# 11/22 and its 63* out.....



## lukynskywyrd (Oct 8, 2010)

with a tornado warning to the south....and Im bringing my plow home! What is wrong with this picture??????


----------



## nfisch (Feb 28, 2010)

I did the same thing yesterday, had the window down with the plow on.


----------



## yamahatim (Feb 15, 2010)

That won't last. 10 degrees this morning in Central MN. It's comin' your way boys.


----------



## show-n-go (Feb 5, 2009)

It's been really nice here for over a week. We have only had a few day's of cold weather so far.. i hope when it gets cold we get pounded with snow.


----------



## Pushin 2 Please (Dec 15, 2009)

Cold is moving south. 70* yesterday and 30 today!


----------



## SharpBlades (Sep 13, 2009)

Send it this way!


----------



## lukynskywyrd (Oct 8, 2010)

*33* less today....*

thats more like it.
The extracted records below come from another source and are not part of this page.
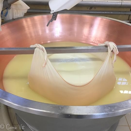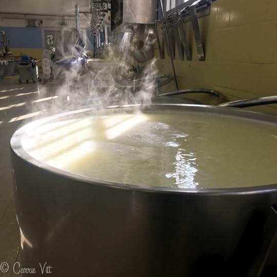 The raw, grass-fed milk is brought fresh into the factory each morning. They gently heat the milk, to separate the curds from the whey.
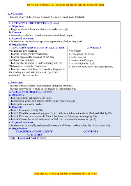 - Students can thoroughly understand the content of the text and complete the tasks successfully. d. Organisation
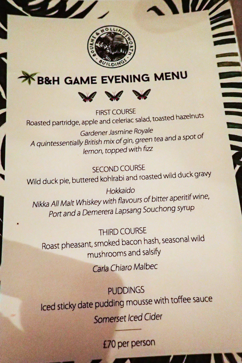 We move through to a verdantly decorated greenhouse conservatory, where hanging plants become the backdrop to our four-course, game-themed banquet, prepared by veteran chef Adam Gray as a promotion for the soon to be launched B&H Cooking School. Upon arrival, Gray comes to greet the large table of guests, talking us through his background, the cookery school and the food he will be preparing for us. As chefs go, (they’re rarely renowned for their oration) this one is interesting and passionate about his work, not hesitating to explain where he sources his game birds from. With his brief complete, Gray retreats to the kitchen and our first course follows.

We will probably see rain in the southern part of Wisc tomorrow but atleast we are a few days closer to Dec.


----------



## RCsLawncare (Oct 24, 2008)

It was 69 here yesterday, still in leaf mode when it should be snow time... Hopefully in December, it comes around and gets going...


----------



## lukynskywyrd (Oct 8, 2010)

*11/30 and first flakes are sticking....*

this is alot better than yesterdays rain and 48*. Snow in Saturdays forecast.


----------